A lot of the decision-making for Dish will also be about piecing together parts that it has recently acquired in a way that makes sense. From this perspective, Ergen referred to Dish’s plans as a “Seinfeld strategy.” That is, a lot of things happen in the first 28 minutes of each Seinfeld episode that might not necessarily make sense. But each episode gets tied together some way in the final minutes of the show.

“I think in terms of where we’re going strategically, you’ll have to just wait and see where it all comes together,” Ergen said. “That’s a little hard to explain it and it’s early in the show, so to speak. Then for you skeptics out there, of course, Seinfeld was a show about nothing, so it could be a strategy about nothing… But I think that everything we do has a purpose and we feel like it ultimately fits together.”

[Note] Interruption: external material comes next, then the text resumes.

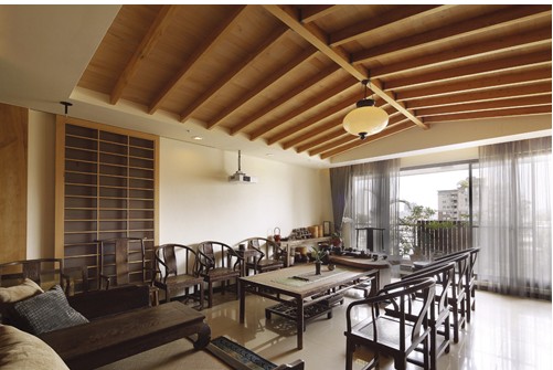 其中運(yùn)用竹簾拉門、隔屏所圍塑的客廳一隅,以姿態(tài)古雅厚實(shí)的羅漢床為主題,規(guī)劃為舒適宜人的休閒區(qū),透過室內(nèi)半穿透元素的巧妙運(yùn)用,有效延伸了視覺的轉(zhuǎn)折。

Other comments of note from the earnings call:

  • On licensing TiVo’s Time Warp patent as part of the settlement of its patent dispute announced Monday: “We think that by utilizing the Time Warp patent, we can add some functionality feature to make our product better and compete against some people who may not be using that technology in the future,” Ergen said.
  • On a la carte pricing: “I have always been for a la carte for customers because I always realized… (that) you are going to be able to buy channels a la carte on the Internet. Some of our programming partners make us buy 20 channels from them, but they sell their own channels a la carte, so (it’s) not an enviable position to be in the MVPD business.”
  • On competing without sports content: “Only 15 percent of the people actually watch the sports programming… there is a strategy potentially out there for one video provider not to carry regional sports, and I think there might be some short-term pain, but they (would) probably do pretty well long-term.”